■ **TASK DIRECTIONS**: Repeat the following data exactly, omitting pictures.

───

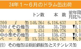 1~6月のドラム缶出荷/1.7%増の612万本
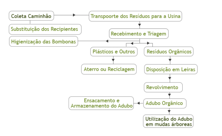Coletamos e transportamos os resíduos orgânicos para a nossa Usina de Compostagem, onde são triados e dispostos em leiras, revolvidos, monitorados, peneirados e ensacados, ou utilizados na produção de mudas já como adubo orgânico, como explicitado no fluxograma a seguir:
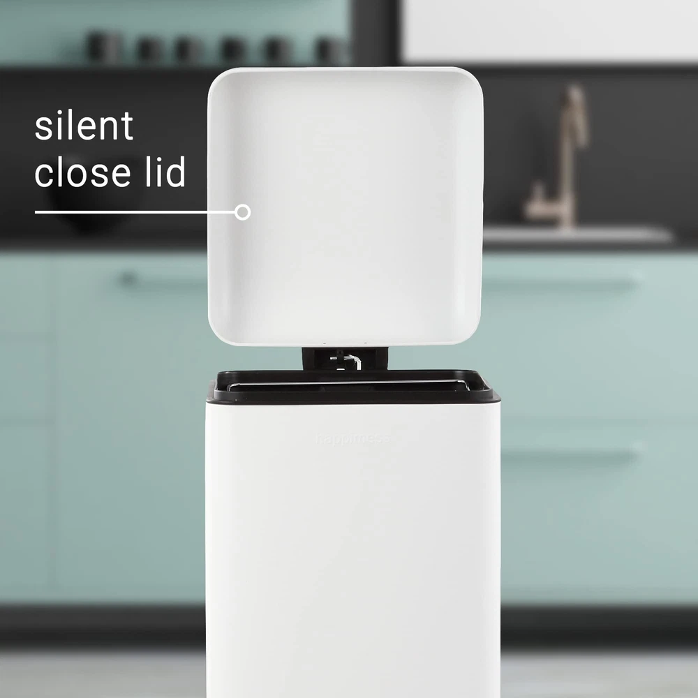 This semi-rectangular 8-gallon trash can hides plenty of capacity within its slim size, making it a great choice for home offices, craft rooms, laundry rooms and other small spaces. Featuring a profile hinge and retro silhouette -- its sleek design allows it to sit close to a wall or cabinet. Its design features don't end there -- its finished in powder-coated stainless steel, features a steel step-on mechanism that allows for smooth openings and closings (no pinched fingers!), and has a removable plastic liner that makes bag changes a cinch. STYLISH & PRACTICAL DESIGN: Trash Cans clean-lined designs blend beautifully into your existing decor; Dispose of trash hands-free with our convenient step pedal; built-in damper lowers the lid quietly, and closes it tightly to keep odors inside DURABLE AND EASY-CLEAN: We believe in form following function; Made from high-quality steel, our trash cans feature a durable, lightweight inner plastic bucket; Family-friendly, brushed stainless steel is smudge-resistant and fingerprint proof SATISFACTION GUARANTEED: Every design is created with uncompromising attention to detail, using only the highest quality components; Based in Soho, New York, designer Jonathan and his talented team create affordable high-end home decor Can hold 30 liters or 8 gallons of trash Powder-coated steel construction
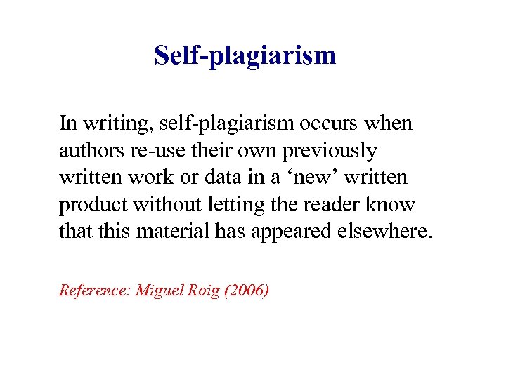 Self-plagiarism In writing, self-plagiarism occurs when authors re-use their own previously written work or data in a ‘new’ written product without letting the reader know that this material has appeared elsewhere. Reference: Miguel Roig (2006)
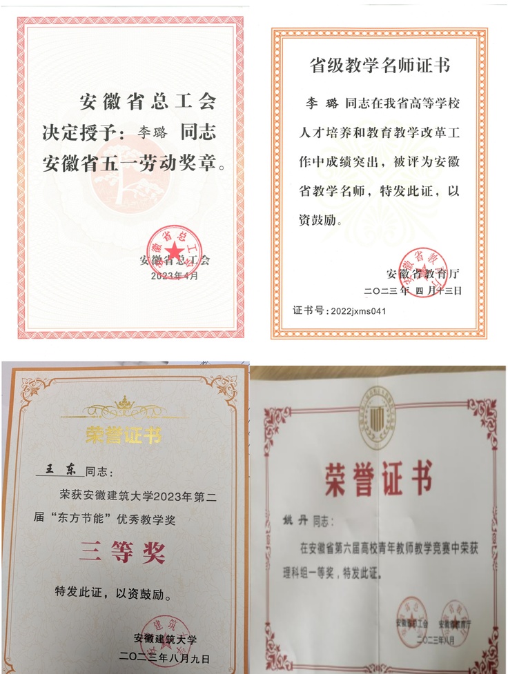 这一年,学院尤其重视教育教学工作,多措并举,实现多项获奖。学院1名教师被授予安徽省劳动竞赛先进个人,并获安徽省五一劳动奖章;13名教师获评安徽省数学建模优秀指导教师;1名教师被评为安徽省教学名师;1名教师获安徽省“青教赛”一等奖;1名教师获校东方节能优秀教师称号;1名教师获校创新比赛一等奖。
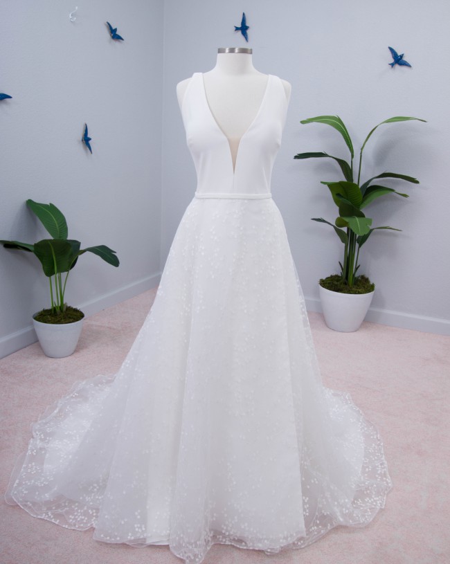 DearlyBelovedBridal.com sells authentic designer wedding gowns up to 70% off retail. All of our dresses are either new or bridal boutique samples that have been tried on but never worn at a wedding.
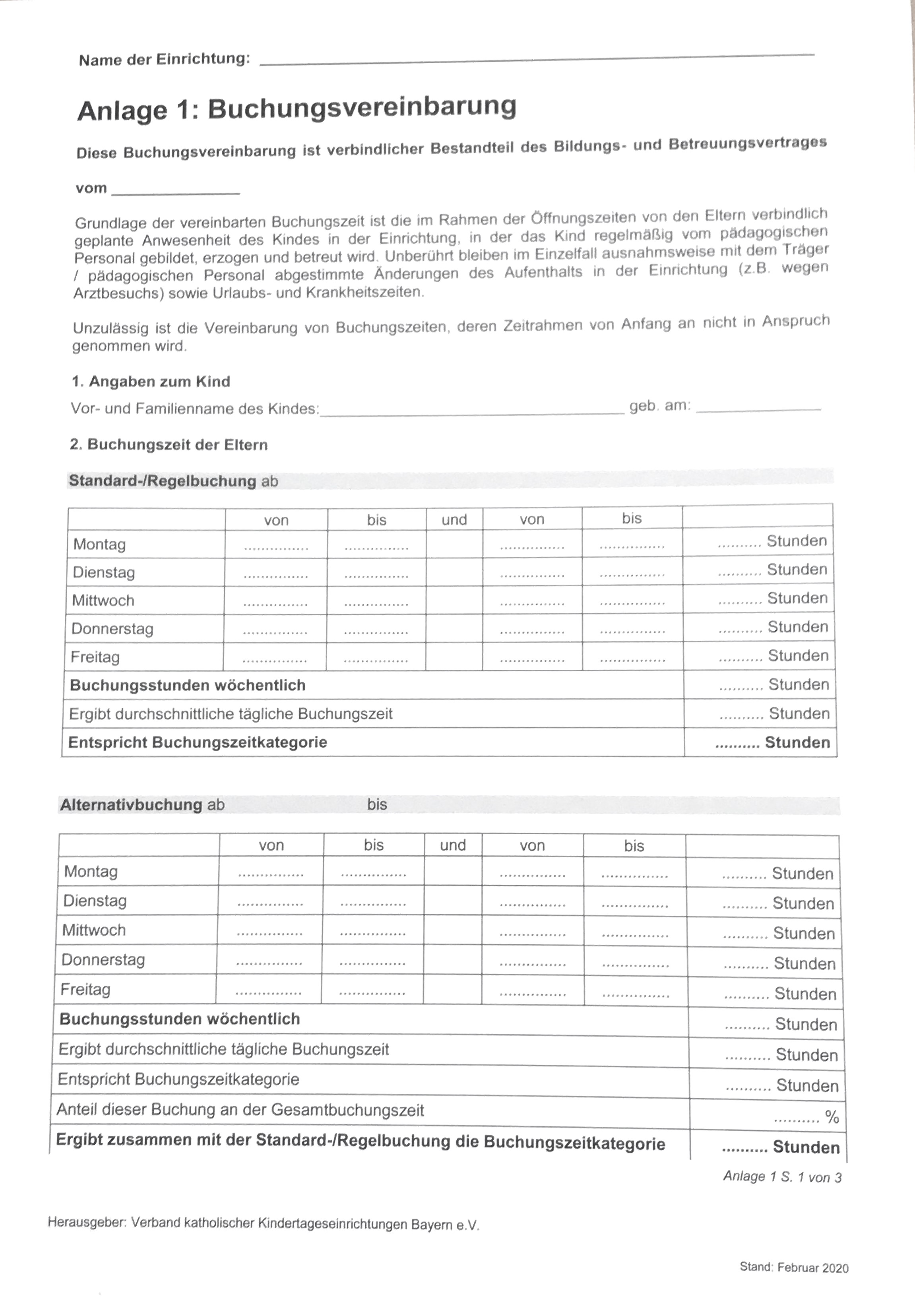 Anlage 1: Buchungsvereinbarung
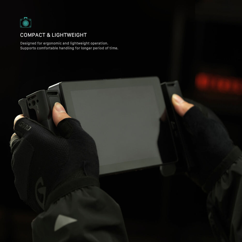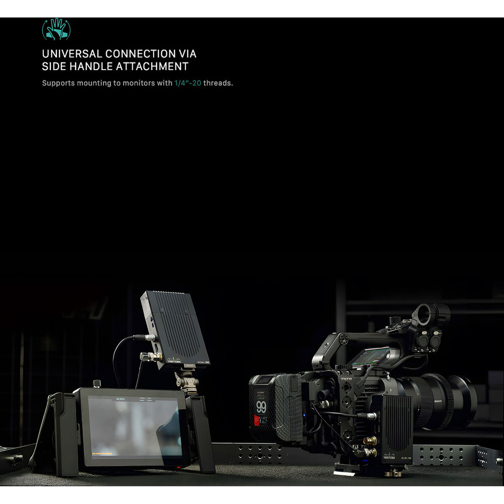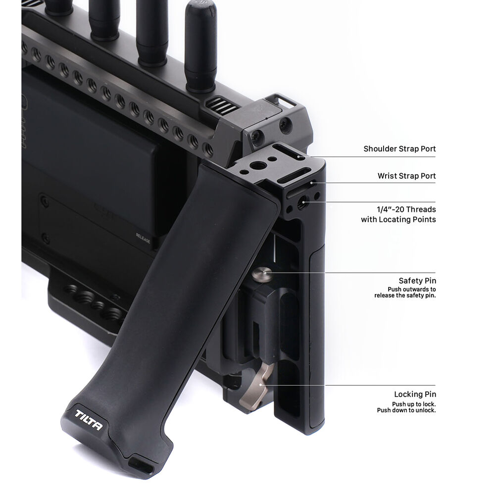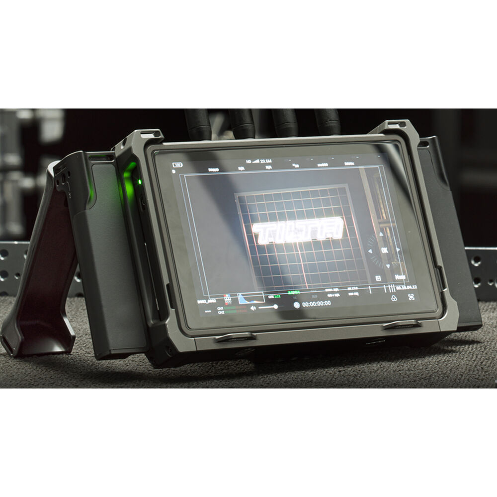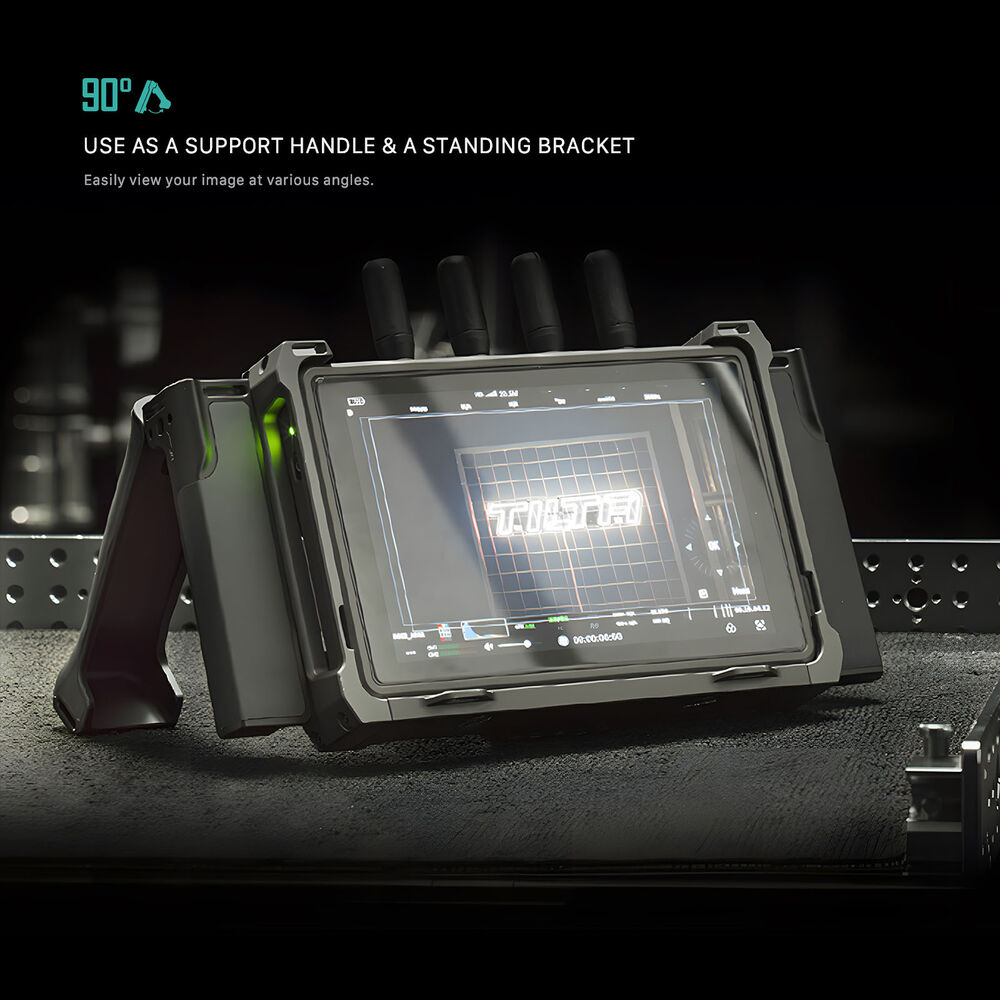 The handles open up to create a stand so you can set your monitor down on a surface at an angle. They also feature a soft silicone grip for comfortable hand-holding. There are multiple 1/4"-20 threads on the top and sides so you can add additional accessories, and strap slots allow you to add separately available shoulder or wrist straps.
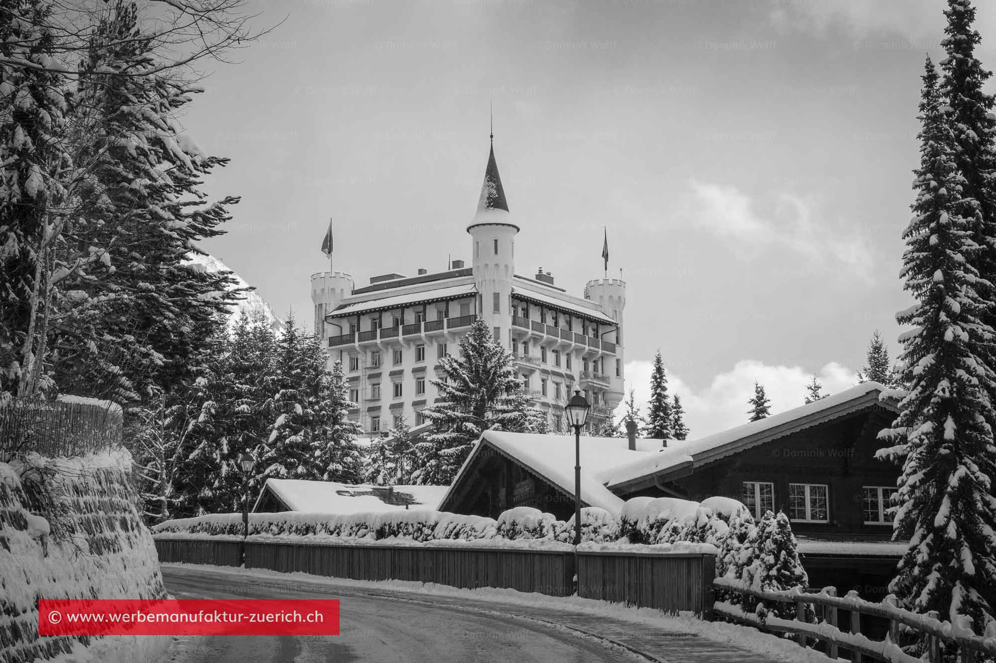 Winter in Gstaad Oberbort. Auf diesem Panoramahügel befindet sich auch das Luxushotel Gstaad Palace.

───

■ **SOLVED PROBLEM**:
 1~6月のドラム缶出荷/1.7%増の612万本
Coletamos e transportamos os resíduos orgânicos para a nossa Usina de Compostagem, onde são triados e dispostos em leiras, revolvidos, monitorados, peneirados e ensacados, ou utilizados na produção de mudas já como adubo orgânico, como explicitado no fluxograma a seguir:
 This semi-rectangular 8-gallon trash can hides plenty of capacity within its slim size, making it a great choice for home offices, craft rooms, laundry rooms and other small spaces. Featuring a profile hinge and retro silhouette -- its sleek design allows it to sit close to a wall or cabinet. Its design features don't end there -- its finished in powder-coated stainless steel, features a steel step-on mechanism that allows for smooth openings and closings (no pinched fingers!), and has a removable plastic liner that makes bag changes a cinch. STYLISH & PRACTICAL DESIGN: Trash Cans clean-lined designs blend beautifully into your existing decor; Dispose of trash hands-free with our convenient step pedal; built-in damper lowers the lid quietly, and closes it tightly to keep odors inside DURABLE AND EASY-CLEAN: We believe in form following function; Made from high-quality steel, our trash cans feature a durable, lightweight inner plastic bucket; Family-friendly, brushed stainless steel is smudge-resistant and fingerprint proof SATISFACTION GUARANTEED: Every design is created with uncompromising attention to detail, using only the highest quality components; Based in Soho, New York, designer Jonathan and his talented team create affordable high-end home decor Can hold 30 liters or 8 gallons of trash Powder-coated steel construction
 Self-plagiarism In writing, self-plagiarism occurs when authors re-use their own previously written work or data in a ‘new’ written product without letting the reader know that this material has appeared elsewhere. Reference: Miguel Roig (2006)
 这一年,学院尤其重视教育教学工作,多措并举,实现多项获奖。学院1名教师被授予安徽省劳动竞赛先进个人,并获安徽省五一劳动奖章;13名教师获评安徽省数学建模优秀指导教师;1名教师被评为安徽省教学名师;1名教师获安徽省“青教赛”一等奖;1名教师获校东方节能优秀教师称号;1名教师获校创新比赛一等奖。
 DearlyBelovedBridal.com sells authentic designer wedding gowns up to 70% off retail. All of our dresses are either new or bridal boutique samples that have been tried on but never worn at a wedding.
 Anlage 1: Buchungsvereinbarung
 The handles open up to create a stand so you can set your monitor down on a surface at an angle. They also feature a soft silicone grip for comfortable hand-holding. There are multiple 1/4"-20 threads on the top and sides so you can add additional accessories, and strap slots allow you to add separately available shoulder or wrist straps.
 Winter in Gstaad Oberbort. Auf diesem Panoramahügel befindet sich auch das Luxushotel Gstaad Palace.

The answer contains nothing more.